パラダイス ナウ

 活動家の仲間からDVDがまわってきた。見始めると以前に見ていたことに気づいたが、内容は忘れていたので、また見た。

パラダイス ナウ(ハニ・アブ・アサド監督。2005年。フランス・ドイツ・オランダ・パレスチナ合作映画)
 YOUTUBEでは、9分割で英字幕。
 http://www.youtube.com/watch?v=4gkvj30aNiE&NR=1

 安定したカメラワークは素晴らしい。画面に空気の流れと力量を感じる。
 ざっくりとしたシーンをリアリティーを持ちながらも違和感なくつなげて、監督は映画を成功させている。このような心理描写を最小限に抑えたハードボイルド風の演出は、一般に難易度が高い。
 パレスチナ抵抗軍の司令官のシャツの汗染みなど、細かなデティールにもなかなかこだわりを見せていたが、惜しむべきは、パレスチナ難民が置かれた生活の描写、あるいは、侵略者であるイスラエルの横暴が、ほぼ検問の一点に集約されて、割愛されていたことだろうか。
 しかし、そこをあえて切り捨てたところが、この映画が映画として成立した理由ではなかろうかと思う。

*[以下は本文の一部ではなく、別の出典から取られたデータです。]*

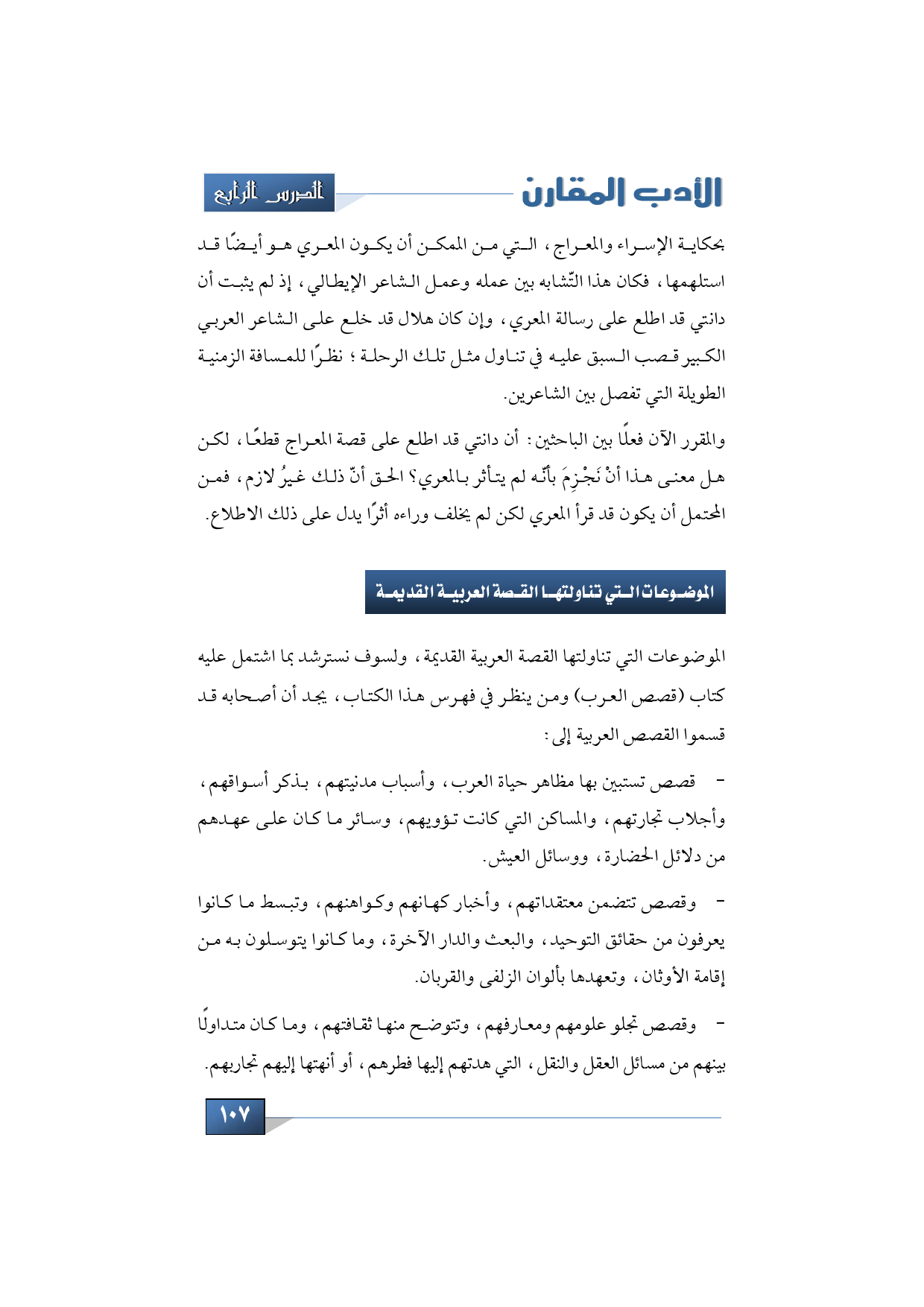 بحكاية الإسراء والمعراج، التي من الممكن أن يكون المعري هو أيضًا قد استلهمها، فكان هذا التّشابه بين عمله وعمل الشاعر الإيطالي، إذ لم يثبت أن دانتي قد اطلع على رسالة المعري، وإن كان هلال قد خلع على الشاعر العربي الكبير قصب السبق عليه في تناول مثل تلك الرحلة؛ نظرًا للمسافة الزمنية الطويلة التي تفصل بين الشاعرين.
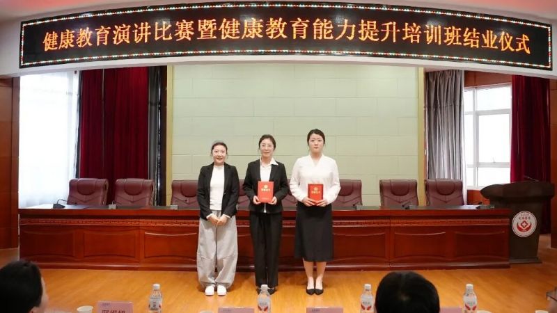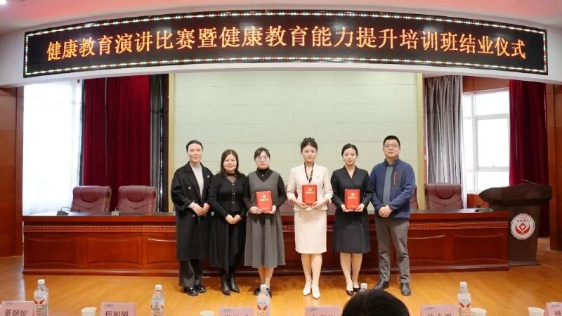 經(jīng)過(guò)激烈角逐與專(zhuān)業(yè)評(píng)審,最終評(píng)選出一等獎(jiǎng)1名、二等獎(jiǎng)2名、三等獎(jiǎng)3名及優(yōu)秀獎(jiǎng)5名。頒獎(jiǎng)典禮上,獲獎(jiǎng)?wù)呤殖謽s譽(yù)證書(shū),臉上綻放著自豪與喜悅的笑容;隨后,健康教育能力提升班工作組為學(xué)員頒發(fā)結(jié)業(yè)證書(shū),學(xué)員代表依次列隊(duì)登臺(tái)領(lǐng)證,現(xiàn)場(chǎng)氛圍莊重而熱烈。
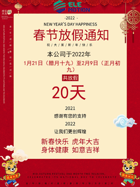 我司定于2022年1月21日开始放假,2022年2月10日(正月初十)报道,2月11日(正月十一)正式上班。请各部门主管组织好假前安全、卫生清洁检查,并做好防火排查工作。
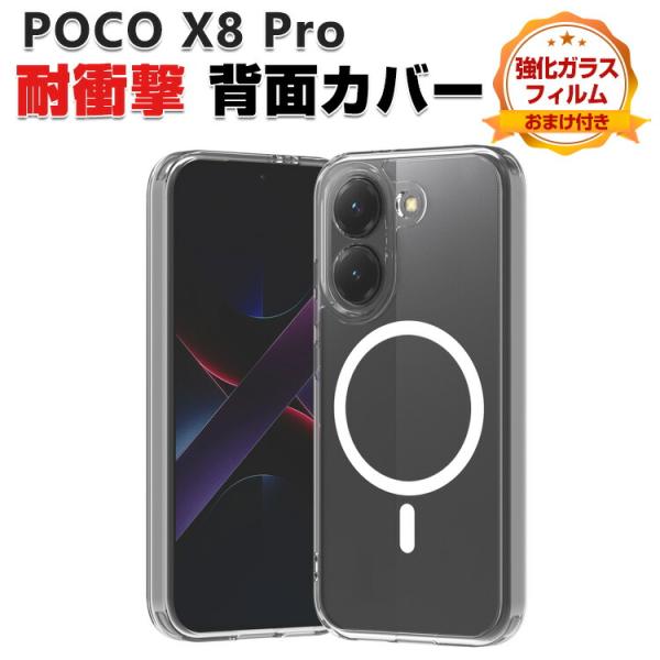 - POCO X8 Pro ケース クリア 耐衝撃 カバー タフで頑丈 2重構造 TPU+PC素材製 透明 カバー 衝撃吸収 落下防止 おすすめ おしゃれ カッコいい 人気 磁気吸着 ストラップホール付き 小米 シャオミ Xiaomi POCO X8 プロ 背面カバー 保護ケース 強化ガラスフィルム おまけ付き
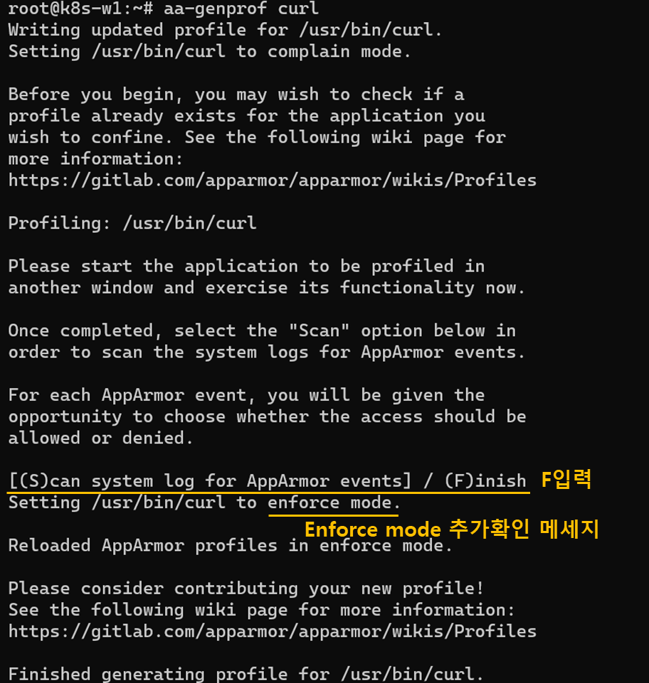 aa-genprof명령어를 이용하여 enforce모드 프로파일을 생성합니다. 중간에 입력 프롬프트를 대기하는데 F를 눌러 Finish옵션을 선택합니다.
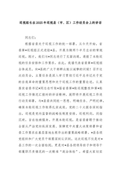 / 巡视组长在2025年巡视县(市、区)工作动员会上的讲话
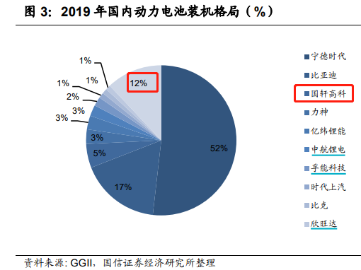 2019 年行业实现动力电池装机量约 62.38GWh,同比增长 9%,国轩高科出货量仅次于宁德时代与比 亚迪位列行业第三,大众入股国轩后有望在资金、订单、技术上全方位对公司形成支持,同时公司稳扎稳打在积极发掘 大众外市场,有望分享行业巨大红利。
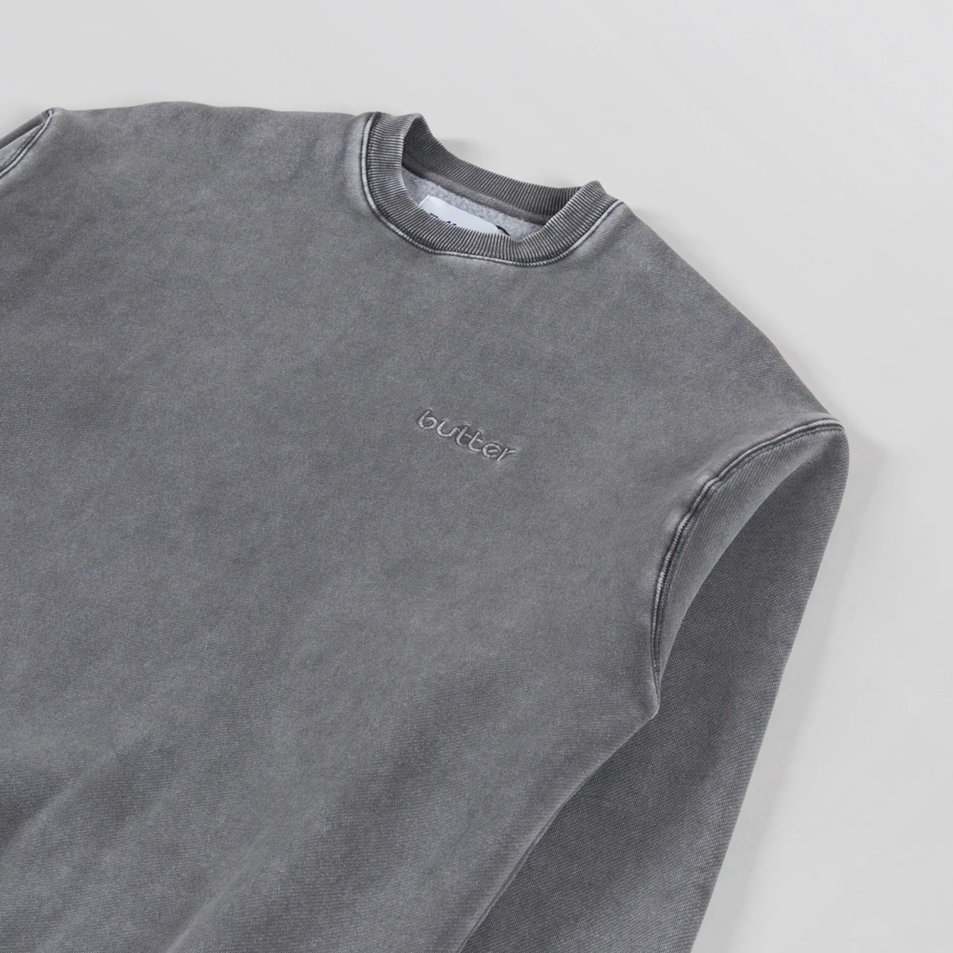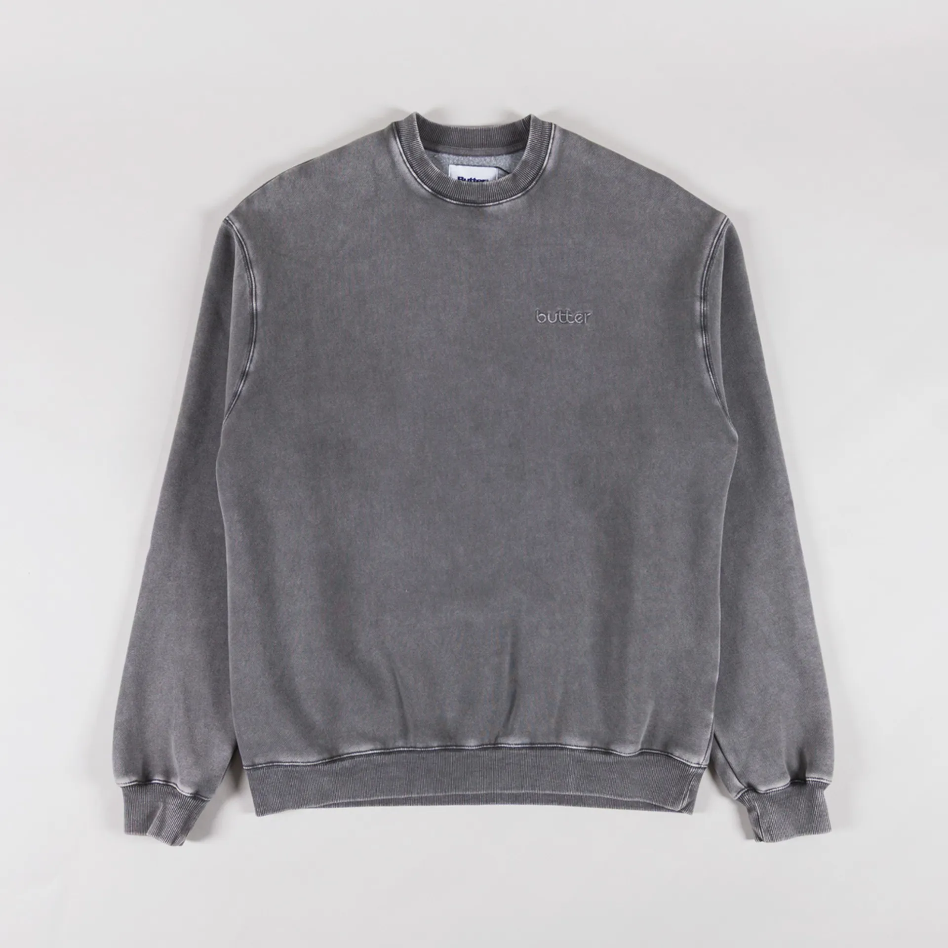 A pigment-dyed sweatshirt from Butter Goods, constructed from a soft cotton-poly blend with a fleece-back lining for comfort. It features a ribbed crewneck, hem and cuffs, finished with a tonal embroidered Butter logo to the chest.

 自らの意思のもと自爆テロに向かう二人は、攻撃延期によって、さらなる選択に迫られる。ひとりは、個人的な生への理由から、再び自爆という武力闘争を選ぶ。ひとりは、個人的な生への執着から自爆を拒否した。このふたりの気持ちが転換してゆく脚本も良くできている。
 自爆攻撃に向かうときのスーツをはじめとして、戦闘という非日常と平穏な日常との対比は、いたるところに散りばめられていて、いわゆる「ハレとケ」が実に念入りに構成されている。

 アッラーの神は攻撃的なのだろうか。自らの終着点を天国に置くのは、念仏を唱えて突撃する日本の一向一揆を連想させる。
 その宗教も補助的価値しかもたないことを露呈させ、社会的な義憤よりも、究極的には個人生活の心理状態が武力の選択をさせていて、しかし、同時に、その個人的な理由もまた社会的な構造が規定しているのだ、という確固たる人間観に支えられて、それは紙一重なのだということをこの映画は描いている。

 この映画において、テロを選択する善し悪しは問題ではないし、もともとたいした問題ではない。これは戦争なのだから。重要なのは、生きる行為における個人的な理由や意思の状況なのである。それがこの映画の普遍的なテーマなのであって、共感を持ちうる地平なのだと思う。
 映画鑑賞の仕方はそれぞれであってしかるべきだが、この映画が一般に流布されるとき、それを見落としていることが多いのではないかと思えた。

 僕が書きたいのはこんな小説だ。